Facile preparation of biocompatible poly(l-lactic acid)-modified halloysite nanotubes/poly(ε-caprolactone) porous scaffolds by solvent evaporation of Pickering emulsion templates

Abstract

Biocompatible porous scaffolds with tunable microstructures and drug delivery ability have aroused increasing attention in the application of the biomedical fields, especially in tissue engineering. In this study, we have facilely fabricated the poly(l-lactic acid)-modified halloysite nanotubes (m-HNTs)/poly(e-caprolactone) (PCL) porous scaffolds by direct solvent evaporation of m-HNTs stabilized water in oil Pickering emulsion templates, which contain PCL in the oil phase.
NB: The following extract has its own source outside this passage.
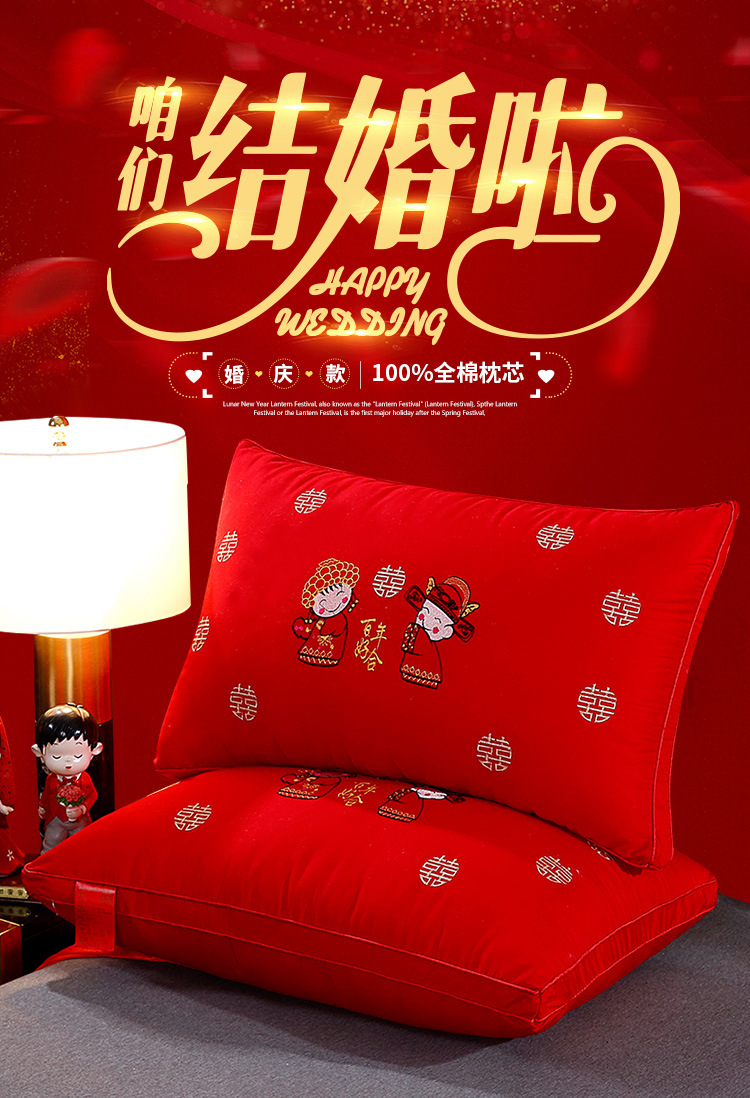 순면 자수 베개심, 더블 행복문자, 순면 베개, 깃털 베개, 부드러운 베개, 결혼 선물, 가정용, 축제용스토어 가기

The obtained scaffolds have possessed the porous microstructures, which can be easily tailored by varying the preparation conditions of emulsion templates including m-HNTs concentrations and the volume ratios of water to oil. Furthermore, the antibacterial drug enrofloxacin (ENR) has been loaded into the scaffolds, and the in vitro release studies show the potential of m-HNTs/PCL porous scaffolds as drug carriers. And the antimicrobial test results have proved that the ENR-loaded porous scaffolds exhibit obvious and long-term antibacterial activity against Escherichia coli. In addition, mouse bone mesenchymal stem cells (mBMSCs) are cultured on the m-HNTs/PCL porous scaffolds, and the results of cell counting kit-8 assay and confocal laser scanning microscope observation show that the m-HNTs/PCL porous scaffolds are cytocompatible, because mBMSCs can attach, develop and proliferate well on the porous scaffolds. All the results indicate that the m-HNTs/PCL porous scaffolds hold great potential applications in tissue engineering as scaffolds and/or drug carriers.